Start of Block

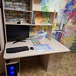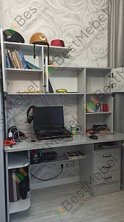 Стол получился очень хорошим. Брали его с расчётом, чтобы можно было также делать уроки и заниматься другой всякой всячиной. Поэтому глубину столешницы увеличили до 800 мм и сделали её прямой, без сужений. Надстройку растянули, чтобы ниша под монитор получилась максимально широкой (получилось 1148 мм), чтобы правая стойка не мешала работать. Результат на фото. Столешницу взяли потолще, 22 мм, так смотрится посолиднее, и не страшно, если целевой пользователь на неё ногами залезет)Собирал сам. Учтите, что для самостоятельной сборки надо иметь минимальные навыки, т.к. подробной инструкции по применению крепежа и последовательности сборки нет. Есть схема расположения деталей и, что очень удобно, каждая деталь имеет наклейку с номером по списку и названием. Не надо гадать, что куда ставится.Без маленькой ложки дёгтя не обошлось, увы. Отверстия крепления надстройки с одной стороны оказались строго над стойкой, стяжки не вставить. Пришлось снимать столешницу, крепить к ней надстройку, и вместе с надстройкой устанавливать на место. Повезло, что было кому помочь, в одиночку я бы такой фокус провернуть не смог. Конструкторы, это ваша недоработка. И неудобно, что не размечены места крепления полки под клавиатуру. В остальном всё отлично. Очень удобно, что можно изменять конструкцию под свои требования. Все пожелания были учтены, конструкторы отвечают очень оперативно. Изготовили и доставили стол быстро и в оговоренные сроки.
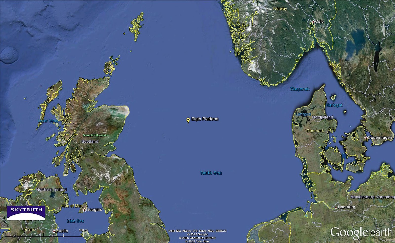 Map showing location of Elgin platform in North Sea, site of ongoing gas well blowout. |
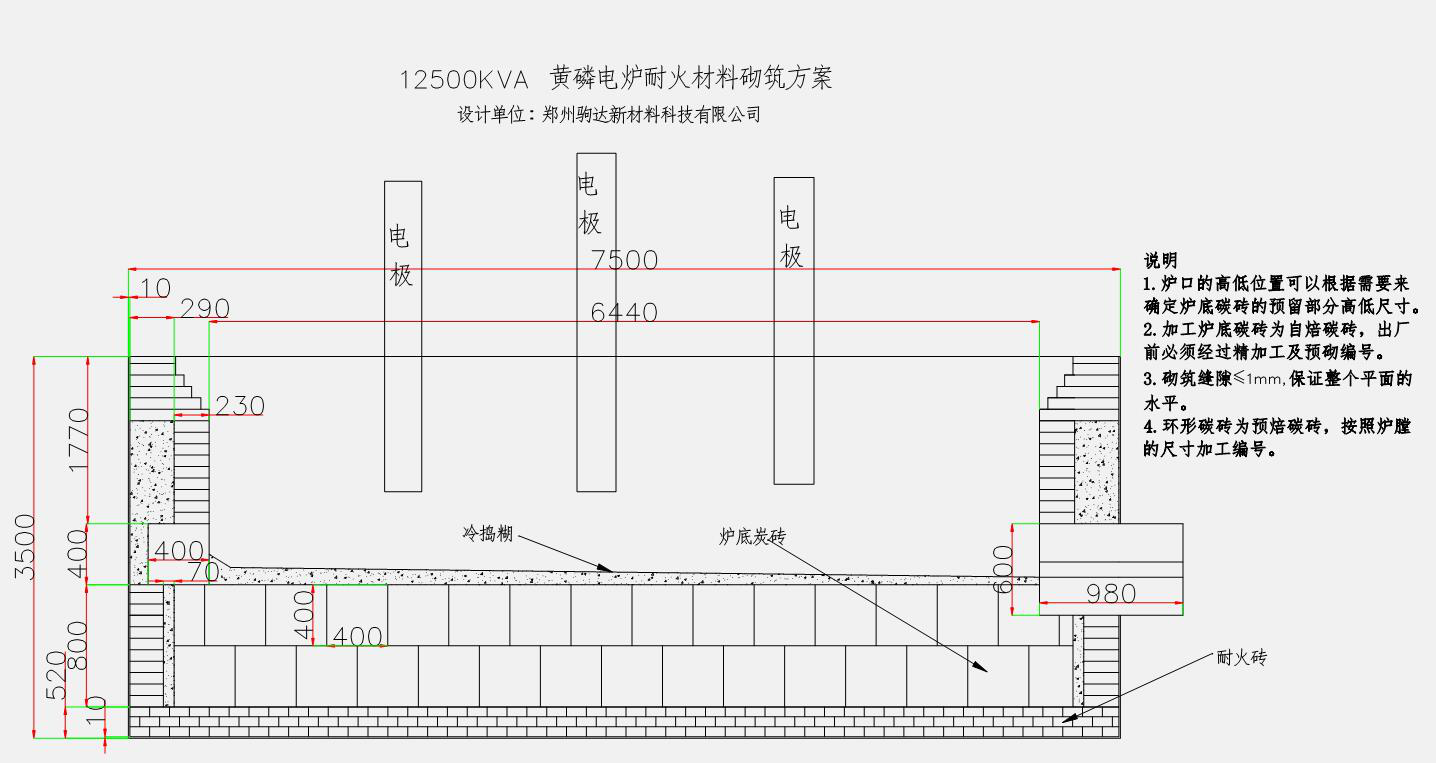 黃磷電爐耐火磚砌筑方案

End of Block

## [Work item]
Repeat the material exactly and drop each image.

## [Solution for this exercise]
 Стол получился очень хорошим. Брали его с расчётом, чтобы можно было также делать уроки и заниматься другой всякой всячиной. Поэтому глубину столешницы увеличили до 800 мм и сделали её прямой, без сужений. Надстройку растянули, чтобы ниша под монитор получилась максимально широкой (получилось 1148 мм), чтобы правая стойка не мешала работать. Результат на фото. Столешницу взяли потолще, 22 мм, так смотрится посолиднее, и не страшно, если целевой пользователь на неё ногами залезет)Собирал сам. Учтите, что для самостоятельной сборки надо иметь минимальные навыки, т.к. подробной инструкции по применению крепежа и последовательности сборки нет. Есть схема расположения деталей и, что очень удобно, каждая деталь имеет наклейку с номером по списку и названием. Не надо гадать, что куда ставится.Без маленькой ложки дёгтя не обошлось, увы. Отверстия крепления надстройки с одной стороны оказались строго над стойкой, стяжки не вставить. Пришлось снимать столешницу, крепить к ней надстройку, и вместе с надстройкой устанавливать на место. Повезло, что было кому помочь, в одиночку я бы такой фокус провернуть не смог. Конструкторы, это ваша недоработка. И неудобно, что не размечены места крепления полки под клавиатуру. В остальном всё отлично. Очень удобно, что можно изменять конструкцию под свои требования. Все пожелания были учтены, конструкторы отвечают очень оперативно. Изготовили и доставили стол быстро и в оговоренные сроки.
 Map showing location of Elgin platform in North Sea, site of ongoing gas well blowout. |
 黃磷電爐耐火磚砌筑方案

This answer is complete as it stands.